Inputs: Smoothed Network Frame Ratio ( $\overline{\text{NFR}}$ ), Video-Frame RTT ( $\overline{\text{VF-RTT}}$ ), estimated filtered channel capacity ( $C$ ).
Decision logic:
- If $\overline{\text{NFR}}<\rho$ , aggressively decrement bitrate;
- If $\overline{\text{VF-RTT}}>\sigma$ , probabilistically reduce bitrate;
- Otherwise, probabilistically increment bitrate, capped so $B_v\leq m\cdot C$ for $m=0.90$ .
Parameterizations for “Balanced”, “Speedy”, and “Anxious” profiles determine adaptation granularity.

This algorithm achieves higher average delivered bitrates and superior QoE-proxy metrics (frame delivery rate, VF-RTT, packet loss) relative to CBR and ALVR’s native ABR, especially under capacity drops, mobility, and co-channel interference scenarios (Casasnovas et al., 20 Feb 2025, Maura et al., 2024).
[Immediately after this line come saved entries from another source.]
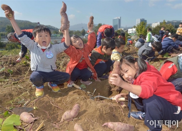 서초구는 내곡동 주민과 어린이집 원아 등이 참여해 고구마를 캐고 순을 따는 행사를 가졌다. 16일 서울 내곡동 사랑의 밭에서 열린 ‘고구마 캐기 체험 행사’에서 어린이들이 고구마를 캐며 즐거운 시간을 보내고 있다. 이날 수확된 고구마는 저소득가정 200세대와 관내 노인정 9개소 등에 전달될 예정이다. 신태현 기자 holjjak@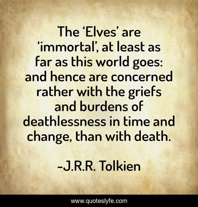 This page presents the quote "The ‘Elves’ are ‘immortal’, at least as far as this world goes: and hence are concerned rather with the griefs and burdens of deathlessness in time and change, than with death.". Author of this quote is J.R.R. Tolkien. This quote is about immortality, death, elves,.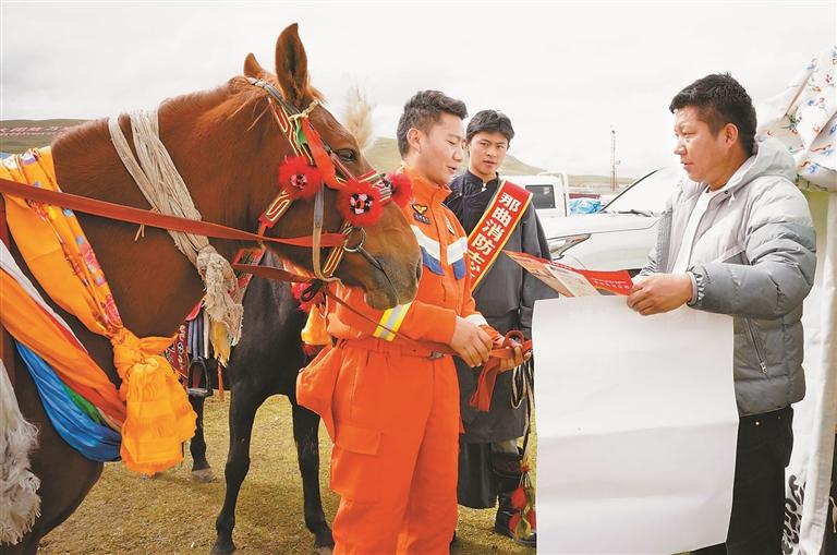 在那曲市廣闊的賽馬場上,一支特殊的“馬背上的消防宣傳服務(wù)隊(duì)”近日成為亮麗風(fēng)景。為保障2025年那曲市恰青賽馬節(jié)期間消防安全,那曲市消防救援支隊(duì)創(chuàng)新工作方法,聯(lián)合那曲市馬術(shù)協(xié)會工作人員與消防志愿者,騎馬深入牧民帳篷營地及賽事區(qū)域,將消防安全知識送至每一位群眾身邊。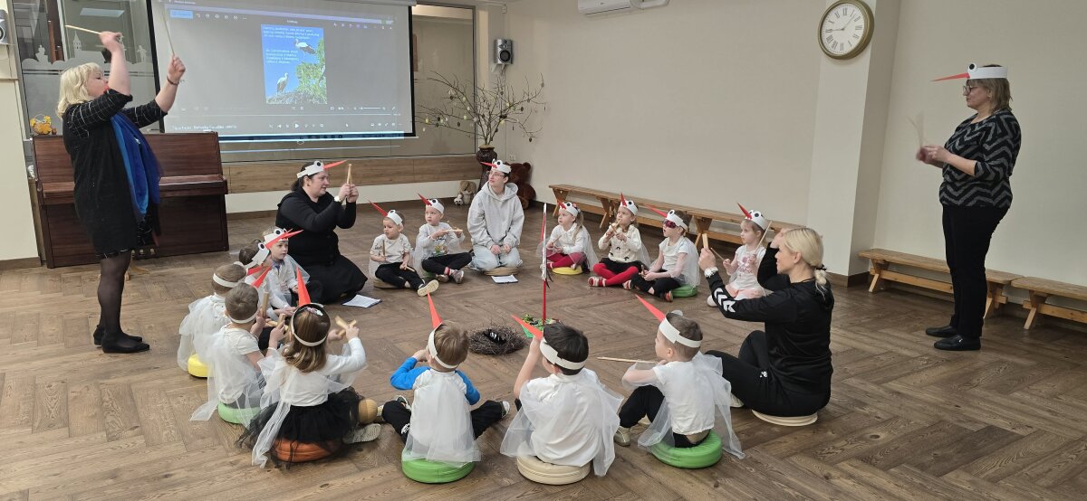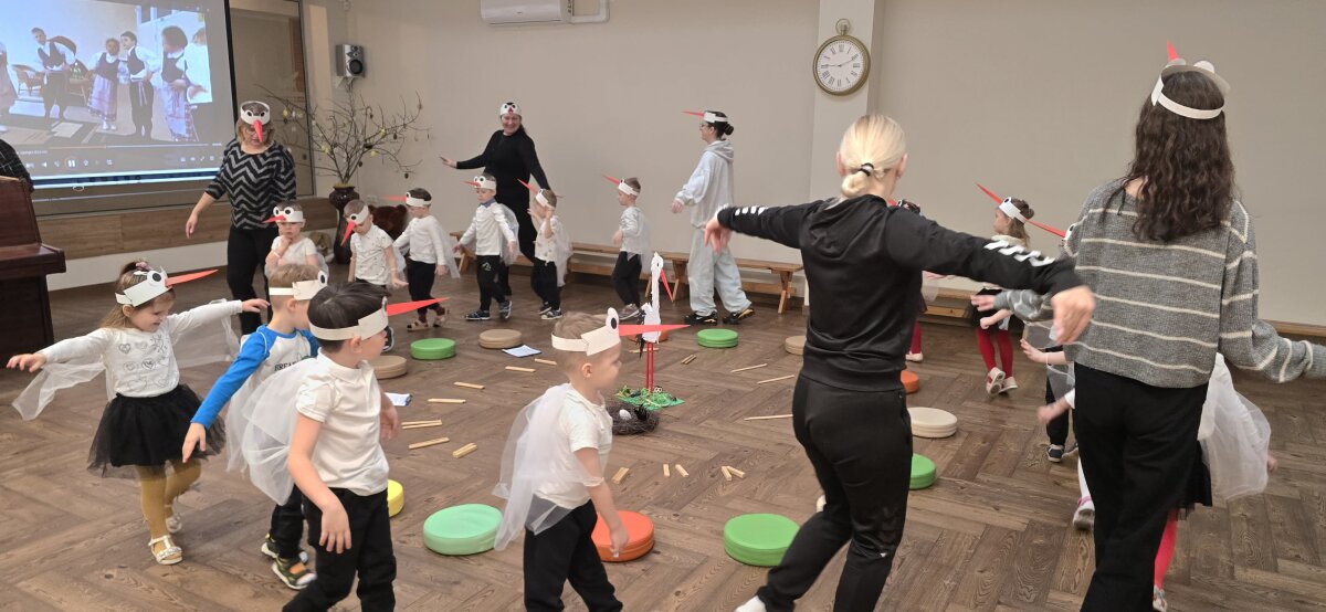 Senovėje Gandrinės buvo džiaugsmo ir linksmybių diena, apipinta įvairiais papročiais. Tikėta, kad pirmą kartą pamatytas gandras gali nulemti visus metus: jei pirmą kartą pamatai skrendantį gandrą – viskas puikiai ir sparčiai seksis, jei pamatai tupintį – viskas šiemet eisis lėčiau. Šią dieną prasideda šiltasis metų pusmetis. Mėgdžiodami gandrą ir jo kleketavimą, dalyvaudami žaidimuose bei rateliuose, vaikai lavino kalbinius gebėjimus, reakciją, greitį, ritmo pajautimą ir kūrybiškumą. Judri ir smagi veikla skatino bendravimą, saviraišką bei teigiamas emocijas. Vaikai aktyviai įsitraukė į veiklas, noriai bendradarbiavo, laikėsi susitarimų ir džiaugėsi bendrais pasiekimais. Žaidimų metu jie mokėsi klausytis, susikaupti, reaguoti į signalus bei veikti komandoje. Integruotas renginys prisidėjo prie vaikų žinių apie gamtą, lietuvių papročius ir kultūrą plėtimo, skatino aktyvų ir žaismingą mokymąsi. Vaikai sužinojo apie gandro reikšmę lietuvių tradicijose, jo sugrįžimo svarbą pavasarį bei ryšį su gamtos atbudimu. Renginyje dalyvavo Gytarių progimnazijos mokinė Paula, kuri vaikams papasakojo apie gandrų papročius ir tradicijas. Lauke vaikai rado gandro vaišes, kurios suteikė daug džiaugsmo ir netikėtumo. Ši patirtis stiprino vaikų smalsumą, kūrė šventinę nuotaiką ir paliko daug teigiamų įspūdžių.
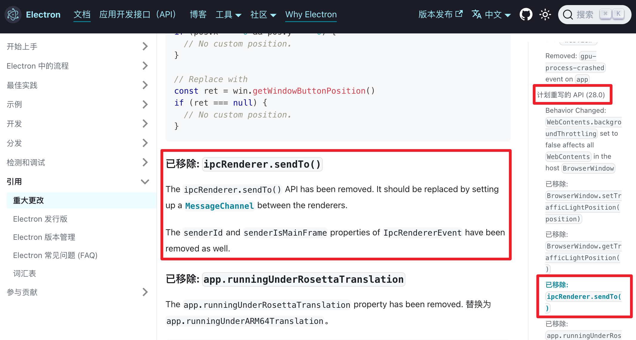 - https://www.electronjs.org/zh/docs/latest/breaking-changes#已移除-ipcrenderersendto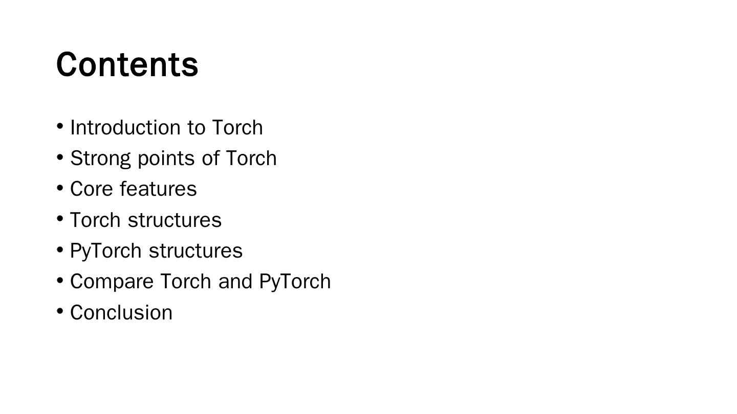 Introduction to Torch; Strong points of Torch; Core features; Torch structures; PyTorch structures; Compare Torch and PyTorch; Conclusion.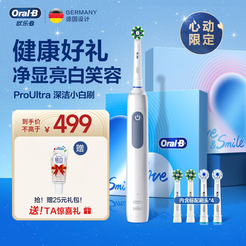 欧乐B成人电动牙刷Pro4Ultra男士刷3D声波圆头Pro系列深度清洁牙龈按摩送男友送女友春节送礼情人节礼物价格:499.00元!

6. Experimental Validation and Capacity Limits

Research testbeds at UPF (Barcelona) and CREW (Brussels) employed ALVR for extensive single-user and multi-user evaluations (Casasnovas et al., 20 Feb 2025, Maura et al., 23 Jan 2026). Under controlled 802.11be settings (5 GHz, 80 MHz):

Single-user, 100 Mbps CBR, 90 FPS: Median latency $L$ ≈ 10–11 ms, FLR ≈ 0.1%.
Multi-user (up to 6 users): At 4 users, CU reaches 96–100%, FLR surpasses 1%, and median $L$ exceeds 33 ms (QoS threshold breached).
GOP vs. IR coding: IR reduces $\sigma_L$ (latency jitter) by ~30–40% at saturation compared to GOP, with only minor VMAF penalty.
Adaptive ABR (NeSt-VR): Maintains frame delivery ≈ 90 fps and VF-RTT ≈ 12 ms across dynamic bandwidth and mobility cases, scaling average bitrate to available capacity, and mitigating packet loss during transitions and interference.
Mobility and OBSS interference: NeSt-VR dynamically reduces target bitrate in response to increased RTT and capacity loss, preserving frame rate and avoiding stalling.

Table: Performance Metrics for ALVR at 90 FPS, 100 Mbps CBR

Users	Codec	CU (%)	FLR (%)	Median $L$ (ms)	$\sigma_L$ (ms)	QoS OK?
1	GOP90	24	0.1	10	4	Yes
4	IR	96	1.2	18	8	No
6	GOP90	92	3.8	80	40	No

This suggests that vanilla IEEE 802.11 channels suffice for only up to 4 concurrent 100 Mbps VR streams before excessive latency and loss, with IR coding extending stability marginally (Maura et al., 23 Jan 2026).

7. Limitations and Prospective Advancements

Current ALVR ABR implementations use static metric thresholds (e.g., $\rho$ , $\sigma$ ) tuned for general VR streaming, but dynamic thresholding may be required for different applications or environments (Casasnovas et al., 20 Feb 2025). Fairness between users is implicit; future developments could integrate explicit coordination or weighted ABR algorithms. Objective perceptual metrics (PSNR, SSIM, VMAF) are not currently factored into ABR logic but are suggested for future QoE-driven refinements.

Research directions involve leveraging upcoming Wi-Fi 7/8 feature sets (Multi-Link Operation, Multi-AP Coordination) to refine capacity estimation, integrating offline reinforcement learning for predictive adaptation, and exploring the impact of realistic network dynamics and interference.

All ALVR code, metrics, and NeSt-VR implementations remain publicly available for further development and reproducibility (Casasnovas et al., 20 Feb 2025).